Entries supplied →
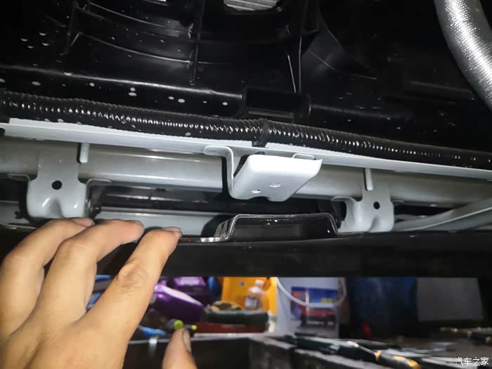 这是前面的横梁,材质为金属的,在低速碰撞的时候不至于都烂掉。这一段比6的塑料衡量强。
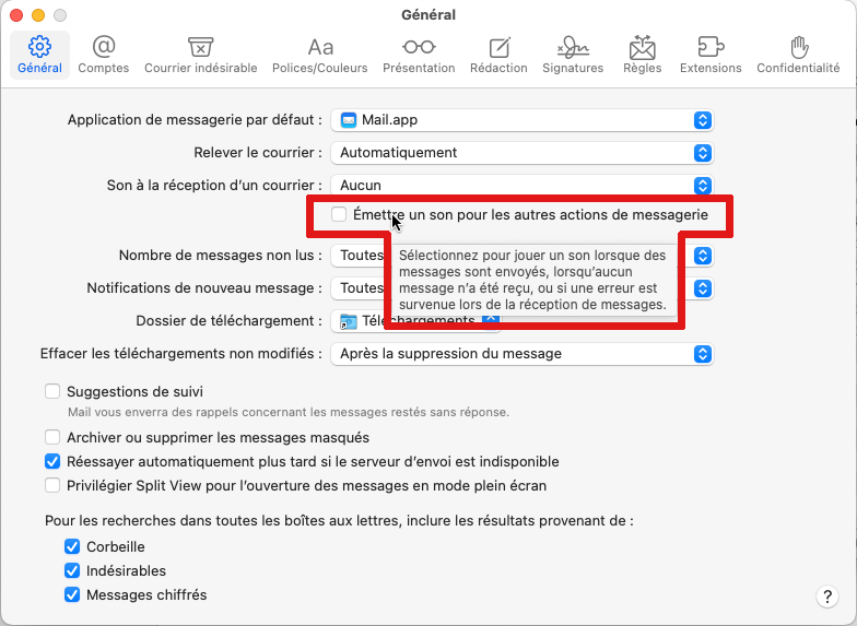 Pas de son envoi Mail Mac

...

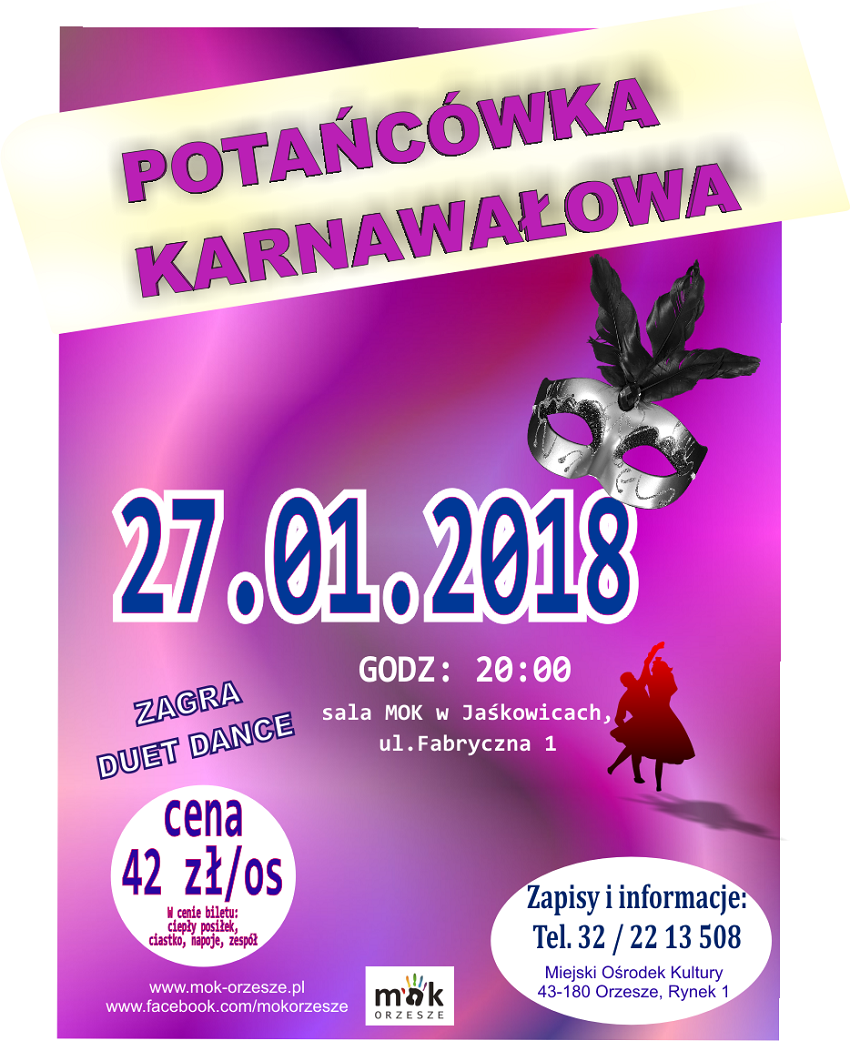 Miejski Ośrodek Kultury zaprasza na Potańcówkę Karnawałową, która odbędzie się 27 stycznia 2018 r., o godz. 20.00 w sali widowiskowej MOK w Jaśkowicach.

What you are asked to do → In the data above, find the line containing "这是前面的横梁,材质为金属的" and the line containing "Pas de son envoi Mail Mac". Copy exactly the stretch from the first through the second, both included, leaving out any picture.

Result of this exercise →
 这是前面的横梁,材质为金属的,在低速碰撞的时候不至于都烂掉。这一段比6的塑料衡量强。
 Pas de son envoi Mail Mac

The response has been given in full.